The first year is slow. I often lay beside him, brushing at scales and ignoring glinting teeth. “Are you afraid?” he asks, curling around my form. I never answer him-or maybe I do, because he always laughs after.

The second year, I notice something strange. He is curling himself in loops on our kitchen floor. I ask, “Weren’t you Married before?” Yellow eyes blink at me

and then he frowns, says “Aren’t we married?” and refuses to say more.

The third year is angry. I know he is lying. Where are those other women? He refuses to answer. Coiled on our couch, head in my lap “Weren’t you married before?” Entwined in our bed, “Weren’t you married before?” I ask and ask, and he never has an answer.

The fourth year is filled with Silence. He leaves, and I never see him go. Once I thought to ask him where, and he placed a claw on my chin. His teeth gleamed yellow in the dark. “Do you want to know where those other women went?”

It is a spring day, when I find snakeskin lining our tub. Skin of monsters floating in rose tinted water. I can see him outside our bathroom-- no change. I ask him later, “Did it hurt?” and he looks from under lashes and replies, “No more than it ever did before.”

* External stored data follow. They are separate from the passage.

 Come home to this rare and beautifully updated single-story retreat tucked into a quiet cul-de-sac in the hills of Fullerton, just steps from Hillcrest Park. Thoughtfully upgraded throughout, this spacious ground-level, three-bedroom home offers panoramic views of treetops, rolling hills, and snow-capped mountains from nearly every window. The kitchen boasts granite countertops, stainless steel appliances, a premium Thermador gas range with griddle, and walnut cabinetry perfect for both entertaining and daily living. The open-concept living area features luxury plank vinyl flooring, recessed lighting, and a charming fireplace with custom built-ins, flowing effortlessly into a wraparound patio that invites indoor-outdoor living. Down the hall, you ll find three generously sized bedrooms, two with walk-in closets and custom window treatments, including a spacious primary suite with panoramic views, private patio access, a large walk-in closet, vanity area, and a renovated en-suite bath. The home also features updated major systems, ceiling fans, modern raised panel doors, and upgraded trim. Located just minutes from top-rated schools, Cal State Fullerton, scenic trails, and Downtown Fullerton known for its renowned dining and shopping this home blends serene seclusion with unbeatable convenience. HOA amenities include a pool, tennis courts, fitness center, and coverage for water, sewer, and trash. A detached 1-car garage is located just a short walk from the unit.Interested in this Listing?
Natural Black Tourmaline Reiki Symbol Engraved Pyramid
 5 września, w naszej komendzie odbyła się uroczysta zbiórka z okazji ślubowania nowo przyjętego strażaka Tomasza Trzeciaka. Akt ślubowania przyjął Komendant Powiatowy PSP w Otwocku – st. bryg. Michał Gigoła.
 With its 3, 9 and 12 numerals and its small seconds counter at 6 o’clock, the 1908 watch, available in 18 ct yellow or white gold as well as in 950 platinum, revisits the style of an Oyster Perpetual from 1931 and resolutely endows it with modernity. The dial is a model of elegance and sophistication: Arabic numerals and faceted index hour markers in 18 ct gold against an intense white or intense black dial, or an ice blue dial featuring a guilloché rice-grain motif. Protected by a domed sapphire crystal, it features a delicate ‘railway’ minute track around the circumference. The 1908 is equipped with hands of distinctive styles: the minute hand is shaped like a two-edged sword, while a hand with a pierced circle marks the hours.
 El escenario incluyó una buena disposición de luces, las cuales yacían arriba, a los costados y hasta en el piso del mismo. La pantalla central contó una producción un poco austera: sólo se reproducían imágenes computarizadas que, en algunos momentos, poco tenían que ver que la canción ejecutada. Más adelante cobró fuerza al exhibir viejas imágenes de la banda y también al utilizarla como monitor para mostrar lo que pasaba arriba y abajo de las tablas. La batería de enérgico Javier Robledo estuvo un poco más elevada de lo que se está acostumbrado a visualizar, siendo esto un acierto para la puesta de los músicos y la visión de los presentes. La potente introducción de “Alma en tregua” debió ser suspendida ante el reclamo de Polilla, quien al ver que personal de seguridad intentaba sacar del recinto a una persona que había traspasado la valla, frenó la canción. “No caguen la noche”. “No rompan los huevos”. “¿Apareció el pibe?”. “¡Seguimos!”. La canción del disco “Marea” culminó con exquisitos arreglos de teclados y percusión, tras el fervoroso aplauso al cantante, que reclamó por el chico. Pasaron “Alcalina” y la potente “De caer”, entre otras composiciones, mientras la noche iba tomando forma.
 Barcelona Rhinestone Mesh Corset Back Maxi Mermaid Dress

Layers, she said. He will lose his layers

and you must stay until then. I don’t have time to wait. I call and ask “Did you know?” She says yes. “Will I die too?” There is quiet, and then: “I had hoped you would be different.” Claws. He has claws, and I can tell that he is growing ready to use them. “How much do you love your son?” She pauses, exhales and then: “I love him enough to feed him.”

It is the eighth month of the fourth year. I think of scales, glinting teeth, and of the way his eyes scare me. How much do I love him? I will wait for him to come home, knife beneath my pillow. I will pray that tonight is not the night, and if it is I will pray the fallout doesn’t kill us both.